Hi everyone, I am considering inter-operation between CUDA PTX code and OpenCL PTX code. I think it will work in theory. However, I came across some problems when doing experiments in practice.
I use “transpose” in both CUDA and OpenCL. The signature of native kernel is listed as follows:
void transpose_native(const __global datatype * imatrix,
const int w,
const int h,
__global datatype * omatrix)
After front-end compiling, we get the PTX codes of
CUDA:
.entry _Z16transpose_nativeIfEvPKT_iiPS0_ (
.param .u64 __cudaparm__Z16transpose_nativeIfEvPKT_iiPS0__imatrix,
.param .s32 __cudaparm__Z16transpose_nativeIfEvPKT_iiPS0__w,
.param .s32 __cudaparm__Z16transpose_nativeIfEvPKT_iiPS0__h,
.param .u64 __cudaparm__Z16transpose_nativeIfEvPKT_iiPS0__omatrix)
OpenCL:
.entry transpose_native(
.param .u32 .ptr .global .align 4 transpose_native_param_0,
.param .u32 transpose_native_param_1,
.param .u32 transpose_native_param_2,
.param .u32 .ptr .global .align 4 transpose_native_param_3)
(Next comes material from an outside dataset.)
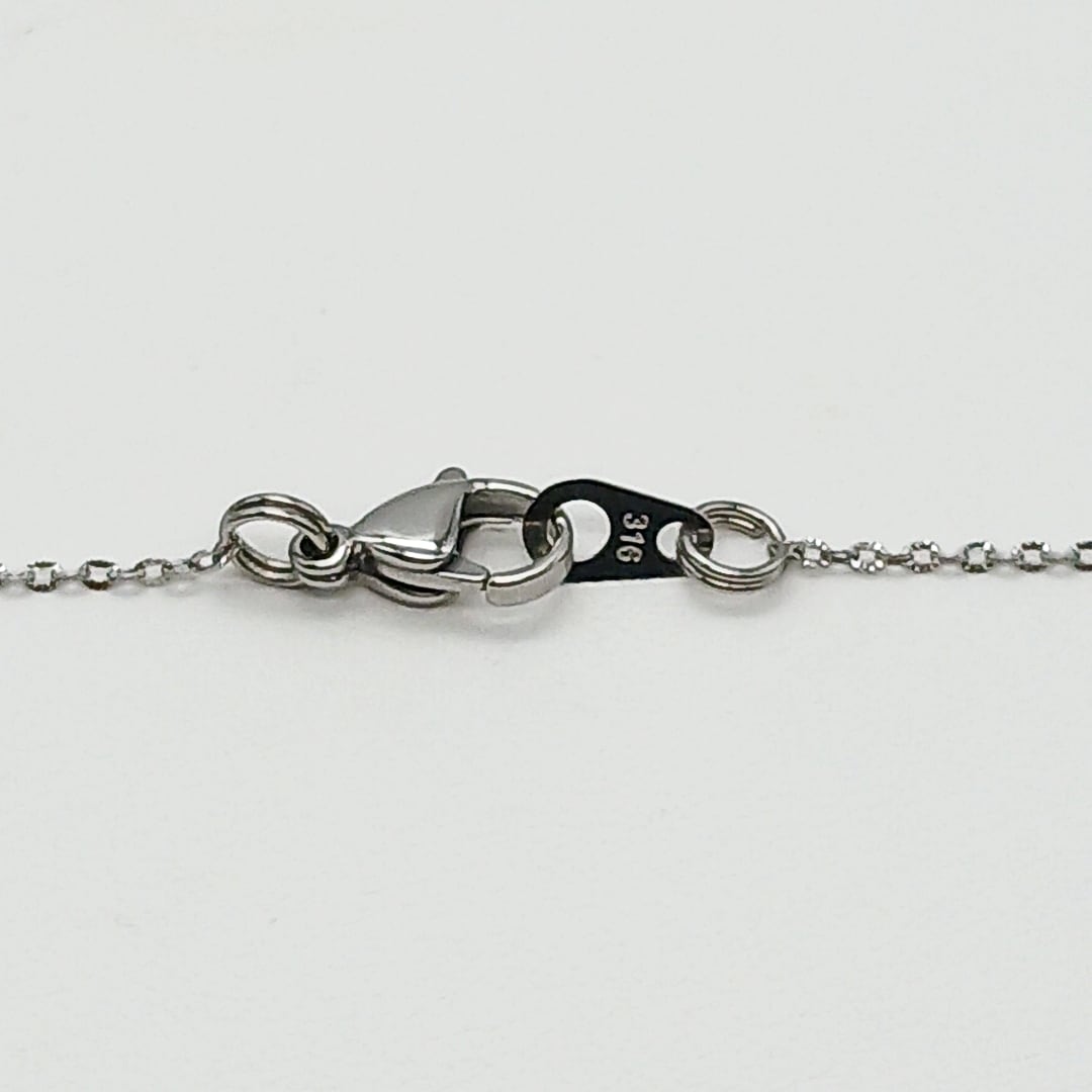 チェーンはサージカルステンレスの1、2ミリ幅の小豆チェーン(プレートに刻印有)

When I use the OpenCL PTX code as the input of “clCreateProgramWithBinary”, it can compile, run correctly and finally get a correct result.
When I use the CUDA PTX code as its input, it can also compile correctly and create a kernel object when running. But when it runs into function “clEnqueueNDRange” (I use “clWaitForEvents” in it) , it shows “CL_OUT_OF_RESOURCES”. Could anyone tell me the reason?
thanks in advance…